In Python this would be a simple for loop with logical operators comparing each cell of one dataframe to each cell of another, but the lack of positional referencing in SQL makes this a lot trickier to do and generalize (be able to use the same queries for other pairs of tables with different attributes).
So far I have
BEGIN
FOR c in (SELECT column_name FROM all_tab_columns WHERE table_name = 'teams')
LOOP
INSERT INTO match_table (players.Name, candidates.c)
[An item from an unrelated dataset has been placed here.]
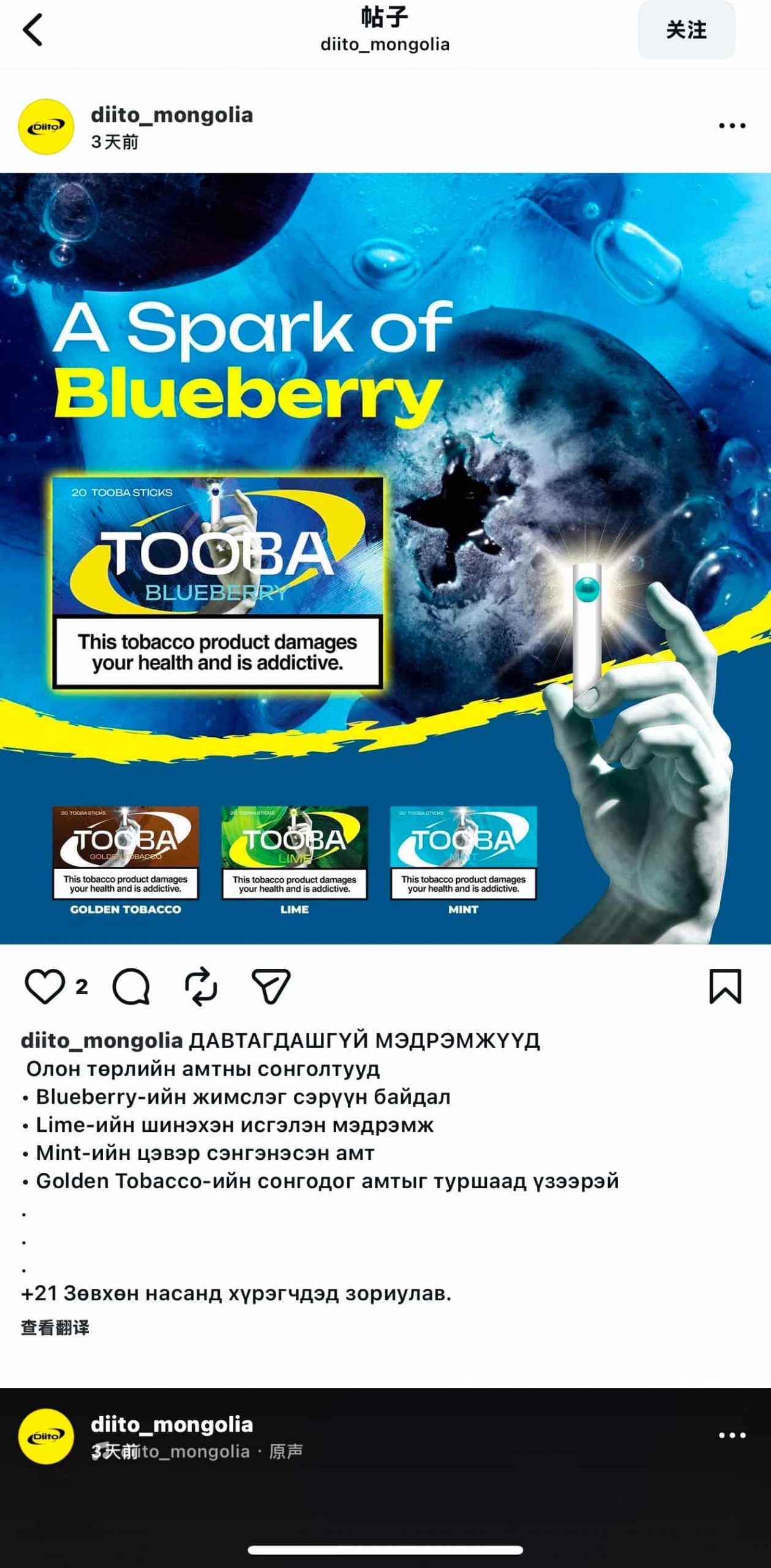 A social media user named “Diito Mongolia Exclusive Distributor” (Diito Mongolian Exclusive Dealer) posted a series of promotional information about the new heating tobacco device “DIITO” and the accompanying cartridge “TOOBA”.

SELECT players.Name, players.c WHERE players.c = teams.c
END LOOP;
BEGIN
FOR c IN (SELECT column_name FROM all_tab_columns WHERE table_name = 'weights')
LOOP
UPDATE match_table
SET match_table.c = (SELECT weights.c FROM weights WHERE match_table.c = weights.c)
END LOOP;
From what I can tell that will generate a table of player names with a single column corresponding to a match to a team attribute populated by the corresponding weight and all other columns full of null values. If that is the case, I can group by name to create a singular record with all matches and corresponding weights.
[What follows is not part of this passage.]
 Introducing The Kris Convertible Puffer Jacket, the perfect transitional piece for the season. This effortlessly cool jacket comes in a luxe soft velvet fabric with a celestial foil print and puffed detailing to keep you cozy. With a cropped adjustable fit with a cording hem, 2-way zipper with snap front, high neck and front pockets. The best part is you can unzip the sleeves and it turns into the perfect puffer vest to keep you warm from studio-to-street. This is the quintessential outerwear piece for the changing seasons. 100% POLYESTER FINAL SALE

The script should loop through each player and team and compare the attributes of the player with those desired by the team. Where there is a match a new row should be added to the match_table with the player name and nulls values except for the column that matched. That should be done for each player-team attribute match. Then those matches should be replaced by the corresponding weight from the weight table. I would then like to sum those to get a total match score. I can't use the '+' operator because the column nammes will vary. They will always match between the three tables, but there will be varied attributes of interest.
The expected output would look something like:
players.name
Age
Height
Free_Throw_Perc
...
'Alice'
5
NULL
NULL
...
'Alice'
NULL
10
NULL
...
How would I then sum across each record to find the total match score of each candidate for a team?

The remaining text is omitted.